Among the six reactors at the power plant, reactors 1, 2 and 3 were operating at the time of the quake and halted automatically.

But the cores are believed to have partially melted because the twin disasters knocked out the plant’s reactor cooling systems, sparking a series of explosions and fires.

Authorities have since struggled to keep fuel rods inside reactors and fuel storage containment pools under water. If they are exposed to air, they could degrade further and emit large amounts of dangerous radioactive material.

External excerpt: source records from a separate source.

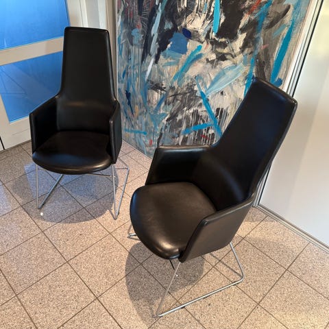 NIELS GAMMELGAARD stol „Suite" produceret hos bent Krog. Designet i 1996, forkromet stål, lamineret træ og lysebrunt læder.
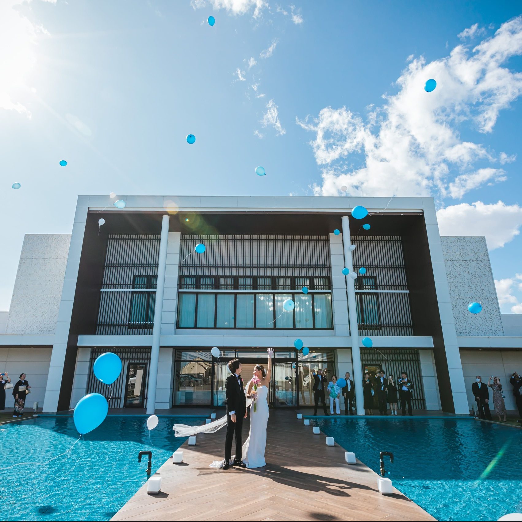 式場を選ぶにあたって、私たちが重視したのは、シンプルで水辺やプールがあって、summer・リゾート挙式の雰囲気が作れるような式場を探していました。
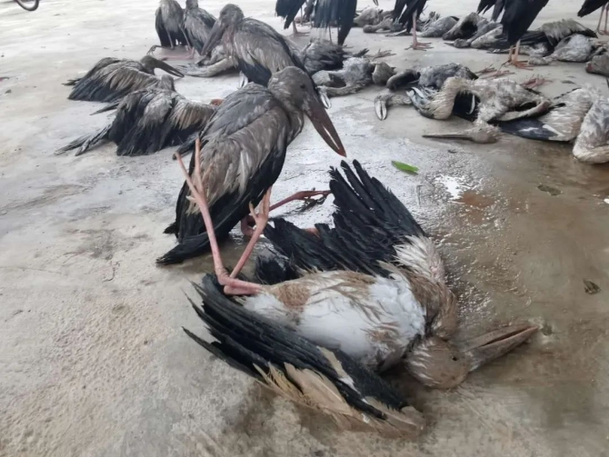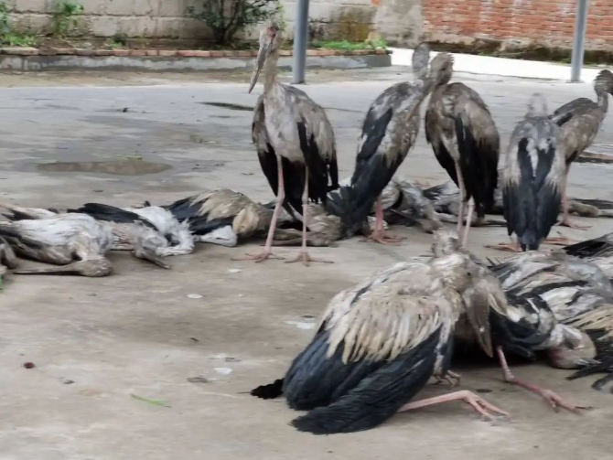 同时,勐海县融媒体中心记者从勐海县野生动植物保护站了解到,本次冰雹灾害除了部分农作物受损外,还造成大量栖息在勐混镇、勐遮镇一带的野生钳嘴鹳死亡,其中勐混镇辖区死亡19只,勐遮镇辖区死亡23只。目前勐海县野生动植物保护站工作人员正在对受伤的钳嘴鹳进行救治,对已经死亡的进行无害化处理。
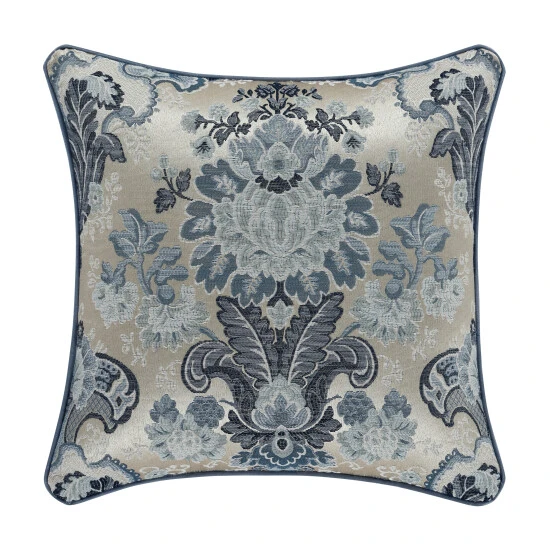The Geraldine 18″ Decorative Throw Pillow is exquisite with its bold use of indigo and silver tones. This beautiful square pillow is rich with a traditional woven jacquard floral design on the front and solid indigo satin on the back. This pillow is reversable, with a satin finished look on each side. Finished with a 1/4″ indigo piping. Pair this pillow with the Geraldine bedding set by Five Queens Court for a complete look.
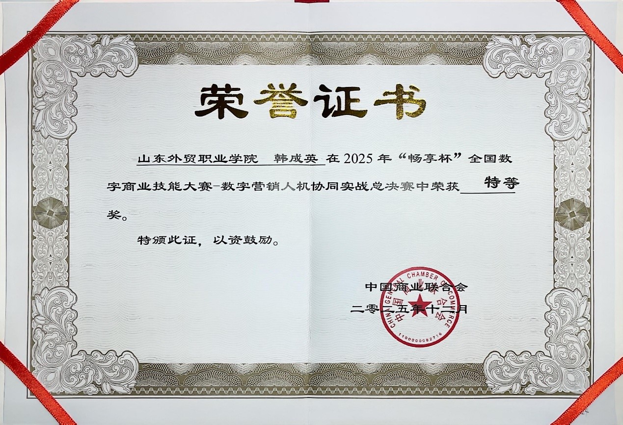12月20日至22日,2025年“畅享杯”全国数字商业技能大赛总决赛在北京举行,今年会官网教师韩成英凭借深厚的专业素养和高超的专业技能脱颖而出,荣获特等奖。
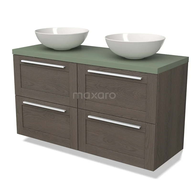 Modulo Plato Vanity units for countertop basin | 120 cm Dark brown oak Frame front Sage green worktop 4 drawers

Three Mile Island, Chernobyl

The March 28, 1979, accident at Three Mile Island was a partial reactor meltdown that led to “very small” releases of radioactivity. It caused no casualties, but was rated 5, corresponding to “an accident with wider consequences.” Level 6 is a “serious accident.”

The April 26, 1986, explosion at the Soviet nuclear power plant in Chernobyl was the world’s worst atomic accident.

It spewed radioactive dust over swathes of Ukraine, Belarus, Russia and western Europe. Estimates of the death toll ranged from the UN figure of 4,000 to tens or even hundreds of thousands, proposed by nongovernmental groups.

The reclassification did not appear to signal that the crisis had grown more severe, only that officials felt it needed to be upgraded.

Japan overwhelmed

Chief Cabinet Secretary Yukio Edano acknowledged on Friday that the government was overwhelmed by the scale of last week’s twin disasters.

Nuclear experts have been saying for days that Japan had been underplaying the severity of the crisis.

“The unprecedented scale of the earthquake and tsunami that struck Japan, frankly speaking, were among many things that happened that had not been anticipated under our disaster management contingency plans,” Edano said, admitting that information had not been shared quickly enough.

“In hindsight we could have moved a little quicker in assessing the situation and coordinating all that information and provided it faster,” he said.

Almost 17,000 dead, missing

The number of confirmed dead in the earthquake and tsunami has hit 6,539, surpassing the toll from the massive tremor in Kobe in 1995, police said.

The number of unaccounted for rose to 10,354, putting the combined total of dead and missing at 16,893. A total of 2,513 people were injured.

The chances of finding more survivors have dwindled.

Fear of radiation

Millions in Tokyo remained indoors on Friday, fearing a blast of radioactive material from the nuclear complex, 240 kilometers to the north, although prevailing winds would likely carry contaminated smoke or steam away from the densely populated city to dissipate over the Pacific Ocean.

Radiation did not pose an immediate risk to human health outside the vicinity of the plant, said Michael O’Leary, the World Health Organization’s representative in China.

President Barack Obama, who stressed the United States did not expect harmful radiation to reach its shores, said he had ordered a comprehensive review of domestic nuclear plants and pledged Washington’s support for Japan.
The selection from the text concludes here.